British coffee roaster and seller

Monmouth Coffee Company is a coffee roaster, retailer and wholesaler in London, which was founded in 1978. It played an important role in regenerating Neal's Yard and Borough Market. It has remained focused on roasting and selling coffee beans and was one of the foundations for the third wave of coffee in London after the year 2000.

==History==
Monmouth Coffee was founded in 1978 by Nick Saunders and Anita Le Roy. Le Roy later took over the business. Together with Neal's Yard Dairy and Saunders' other businesses, Monmouth Coffee transformed the run down area around Neal's Yard in Covent Garden, central London. The original shop is at 27 Monmouth Street, a grade II listed 18th-century terraced house. The basement was used to roast coffee and the ground floor as a tasting room. In its early years, the shop sold three or four kinds of green or roast coffee beans in sacks containing one, three, seven or ten pounds. Le Roy wanted to buy coffee from individual farmers, but that was not possible until 1996, when a new coffee importer, Mercanta, opened. Monmouth Coffee was one of their early customers. Monmouth Coffee and Mercanta were a foundation for the third wave of artisan coffee shops in London after 2000 and several Monmouth Coffee baristas went on to found their own coffee businesses.

Monmouth Coffee has expanded gradually, while remaining focused on roasting and selling coffee beans. A coffee stall was opened in Borough Market in 1999, followed by a second shop in a former fruit and vegetable warehouse in the market in 2001. Along with Brindisa and Neal's Yard Dairy, Monmouth Coffee played an important role in the revival of Borough as a retail food market. In 2007 the roastery was moved to three railway arches in Maltby Street, Bermondsey.

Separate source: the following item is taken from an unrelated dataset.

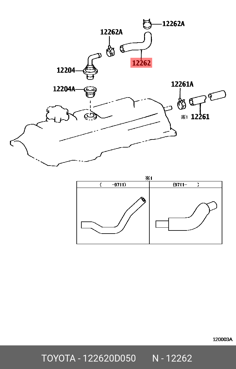 12262-0D050 TOYOTA Шланг вентиляции картера 12262-0D050

In 2009 an arch was opened to sell coffee on Saturdays and other local traders followed suit, forming Maltby Street Market. In 2018 the company headquarters moved into five railway arches at Spa Terminus in Bermondsey, where Monmouth Coffee, Neal's Yard Dairy and a property company had taken a lease on a stretch of railway arches around the former Spa Road railway station to provide accommodation for food manufacturers and wholesalers.

==Activities==
Monmouth Coffee sources coffee beans from individual farms and roasts them in its roastery in Bermondsey. Its staff visit producers to find new suppliers, then the company signs long term contracts to secure its supply of high-quality coffee.

It sells coffee beans direct via its website, and via its two retail shops, which also serve coffee to drink. The roastery also opens as a retail shop on Saturdays.